A data division means for dividing a plurality of feature data into groups, each of which indicates a feature;
and a learning model generation means for generating a learning model using, as learning data, feature data belonging to a first group out of the multiple groups formed by the data division means, or the feature data belonging to the first group and a part of the feature data belonging to another group.

A feature extraction means for extracting a feature from each of the collected data,
The learning model generating device according to claim 1 , wherein the data dividing means divides a plurality of feature data items into groups each indicating the feature extracted by the feature extracting means.

an abnormality determination means for determining whether or not the feature amount data belonging to the other group is abnormal data by using the learning model generated by the learning model generation means,
The learning model generating device according to claim 2 , wherein the learning model generating means re-trains the learning model using the feature data determined to be abnormal data by the abnormality determining means as part of the feature data belonging to the other group.

the abnormality determination means executes a determination as to whether or not the feature amount data is abnormal for each of the other groups;
The learning model generating device according to claim 3 , wherein the learning model generating means re-learns the learning model for all the other groups.

The abnormality determination means stores the feature amount data determined to be abnormal data in an abnormal data storage unit,
The learning model generating device according to claim 1 , wherein the learning model generating means regards the abnormal data stored in the abnormal data storage unit as part of the feature amount data belonging to the other group.

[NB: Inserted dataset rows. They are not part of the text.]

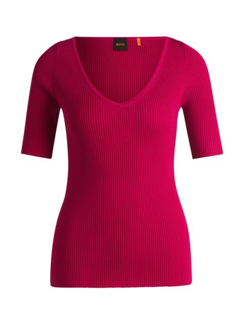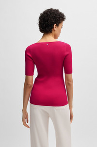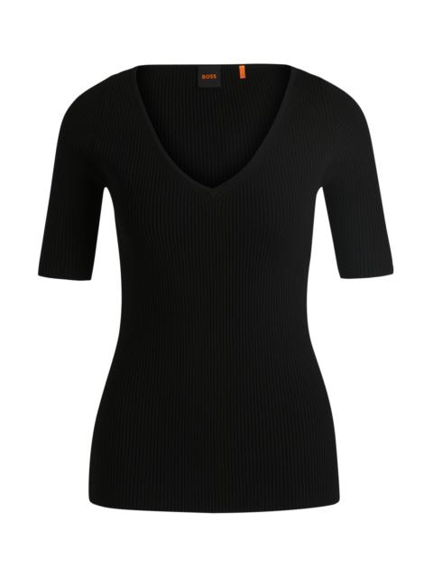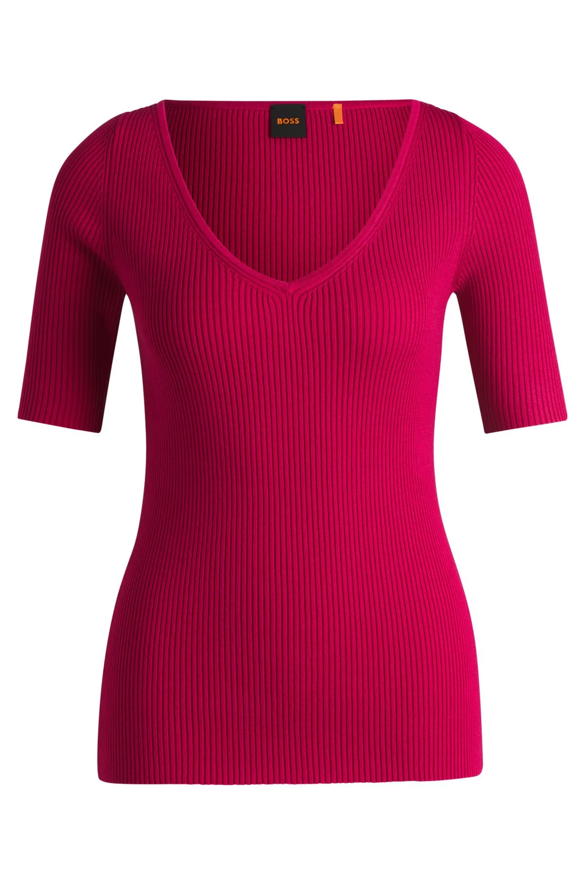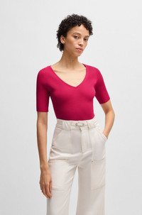 SIZE AND FIT The model wears a size S and is 5'10" tall with a, 31" chest, 24" waist and 35" hips. DETAILS C_Faradisco - 50534829 A versatile short-sleeved sweater by BOSS. This slim-fitting piece is knitted in a stretch blend and topped with a V neckline. Slim fit QUALITY & CARE INSTRUCTIONS Do Not Bleach Do Not Tumble Dry Hand Wash Only Quality: 72% Viscose, 28% Polyester Do Not Dry Clean Iron Low Heat
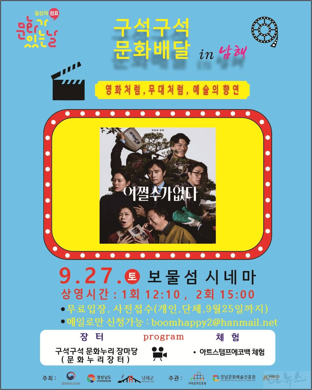 남해군은 오는 9월 24일(수)과 27일(토) 두 차례에 걸쳐 2025 문화가 있는 날 ‘구석구석 문화배달’ 9월 행사를 개최한다고 밝혔다.
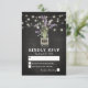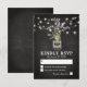 Cartes de réponse de mariage country chic avec un fond de tableau noir craie rustique, guirlande lumineuse, un pot Mason avec des fleurs de lavande violettes, enveloppé dans une toile de jute avec les initiales du couple et un modèle de RSVP de mariage facilement personnalisable.

Grouping multiple feature data, each of which indicates a feature,
a learning model generating method for generating a learning model using, as learning data, feature data belonging to a first group out of a plurality of groups formed, or the feature data belonging to the first group and a portion of the feature data belonging to another group.

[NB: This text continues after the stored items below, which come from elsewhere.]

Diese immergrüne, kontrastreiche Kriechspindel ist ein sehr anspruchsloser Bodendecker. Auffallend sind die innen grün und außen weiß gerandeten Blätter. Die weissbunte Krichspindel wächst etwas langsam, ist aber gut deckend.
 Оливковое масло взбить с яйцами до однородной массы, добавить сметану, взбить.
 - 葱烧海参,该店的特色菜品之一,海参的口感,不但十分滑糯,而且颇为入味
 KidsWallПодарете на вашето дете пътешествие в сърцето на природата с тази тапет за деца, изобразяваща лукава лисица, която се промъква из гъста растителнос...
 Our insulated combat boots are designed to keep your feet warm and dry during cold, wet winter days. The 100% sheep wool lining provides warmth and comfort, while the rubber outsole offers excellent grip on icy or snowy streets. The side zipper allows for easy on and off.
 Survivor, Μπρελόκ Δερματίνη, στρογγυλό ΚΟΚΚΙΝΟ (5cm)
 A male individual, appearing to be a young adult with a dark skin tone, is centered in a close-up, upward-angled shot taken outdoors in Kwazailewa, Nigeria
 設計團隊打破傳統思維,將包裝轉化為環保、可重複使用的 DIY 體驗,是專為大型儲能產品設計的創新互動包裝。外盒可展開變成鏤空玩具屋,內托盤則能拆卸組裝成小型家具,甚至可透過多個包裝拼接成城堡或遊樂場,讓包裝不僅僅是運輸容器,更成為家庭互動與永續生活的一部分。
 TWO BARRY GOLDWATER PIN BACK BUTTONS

Extract features from each of the collected data,
The learning model generating method according to claim 6 , further comprising grouping a plurality of feature quantity data indicating the extracted feature quantities.

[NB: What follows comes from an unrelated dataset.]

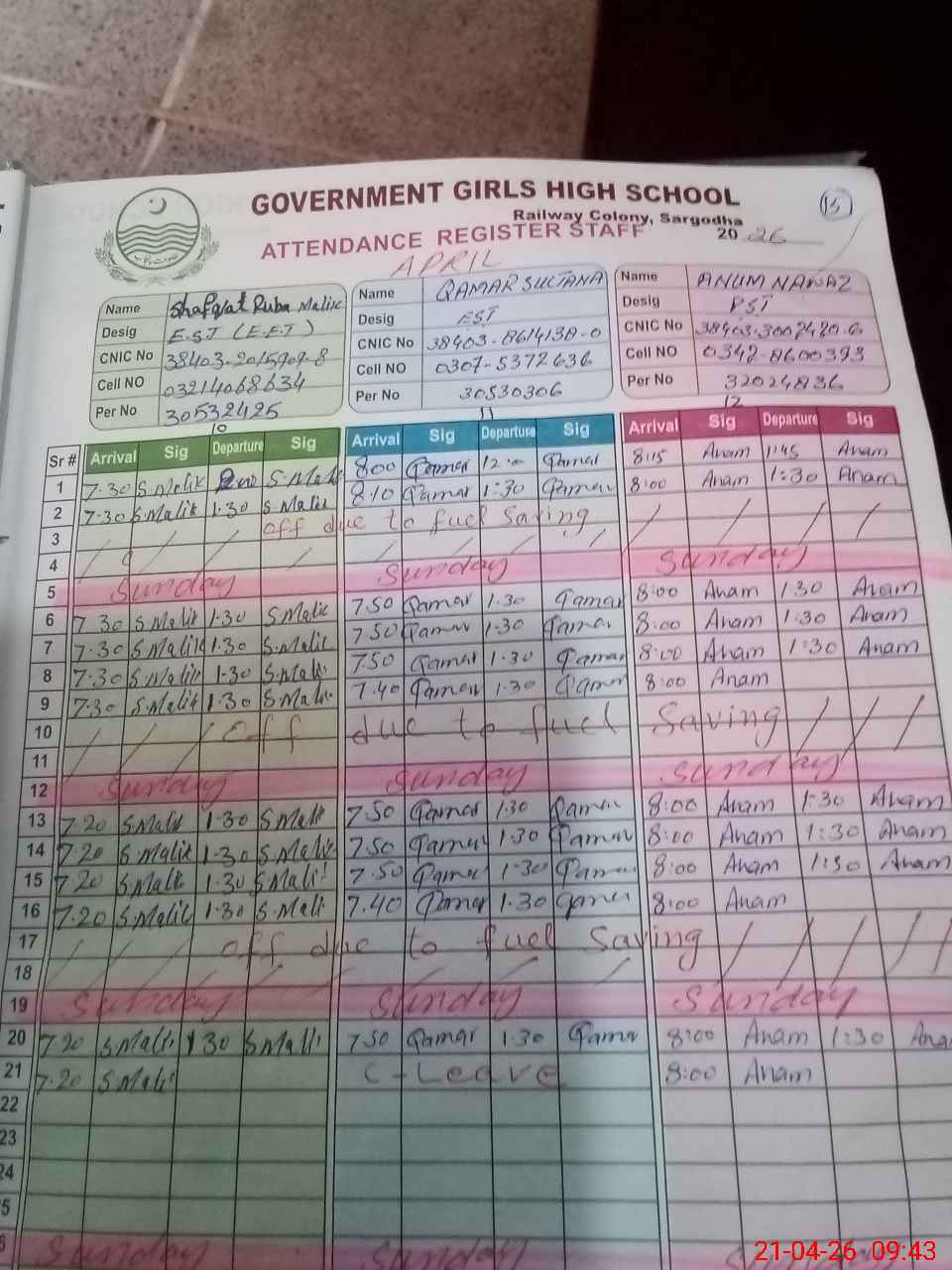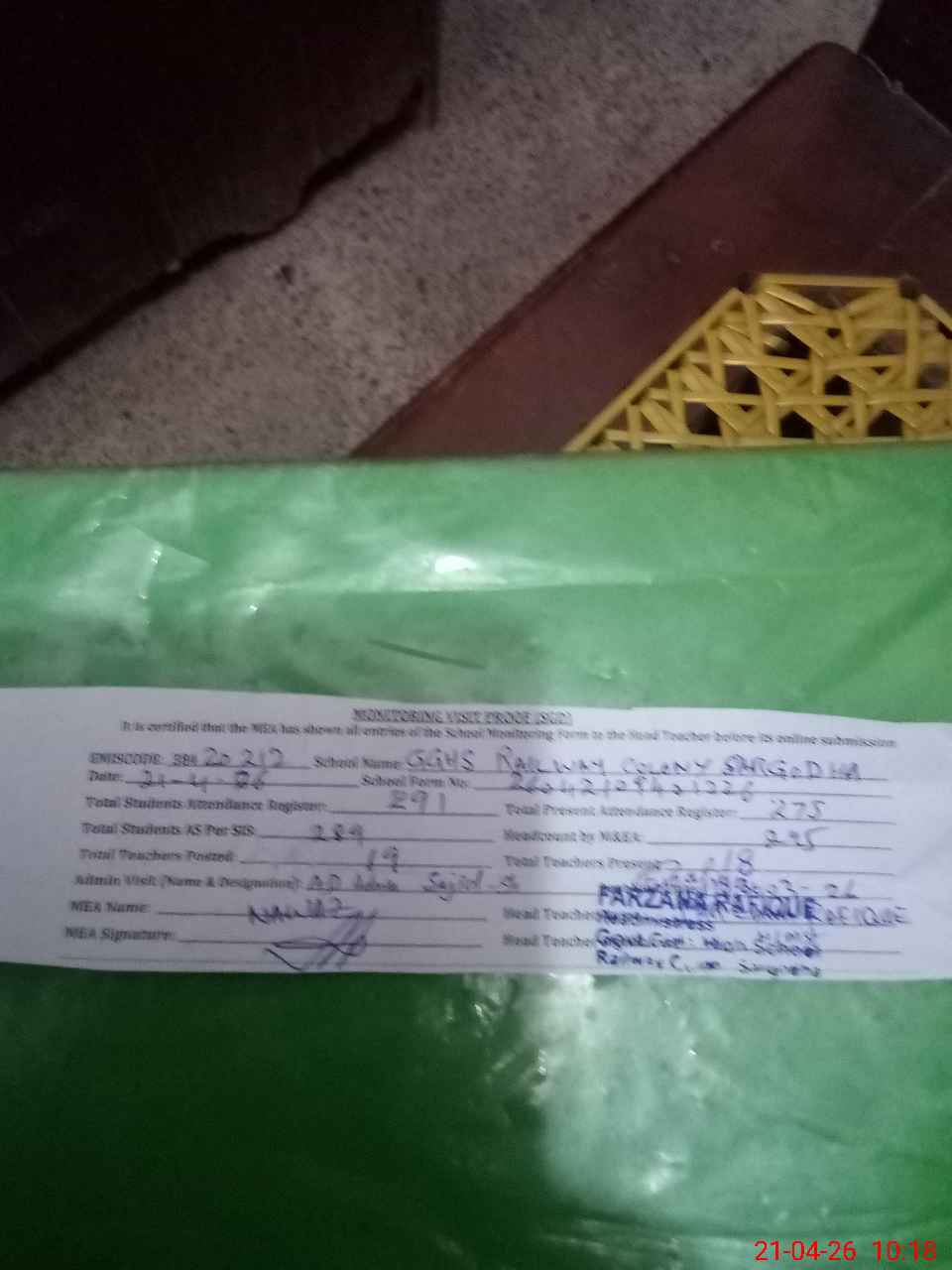 | EMIS Code: 38420212 | Name of School: GGHS RAILWAY COLONY SARGODHA | |||

Using the generated learning model, it is determined whether the feature amount data belonging to the other group is abnormal data;
The learning model generating method according to claim 7 , further comprising the step of re-learning the learning model using the feature amount data determined to be abnormal data as part of the feature amount data belonging to the other group.

On the computer,
A process of grouping a plurality of feature data, each of which indicates a feature;
and generating a learning model using, as learning data, feature data belonging to a first group among the multiple groups formed, or the feature data belonging to the first group and a portion of the feature data belonging to another group.

On the computer,
A process of extracting features from each of the collected data;
and grouping a plurality of feature amount data indicating the extracted feature amounts.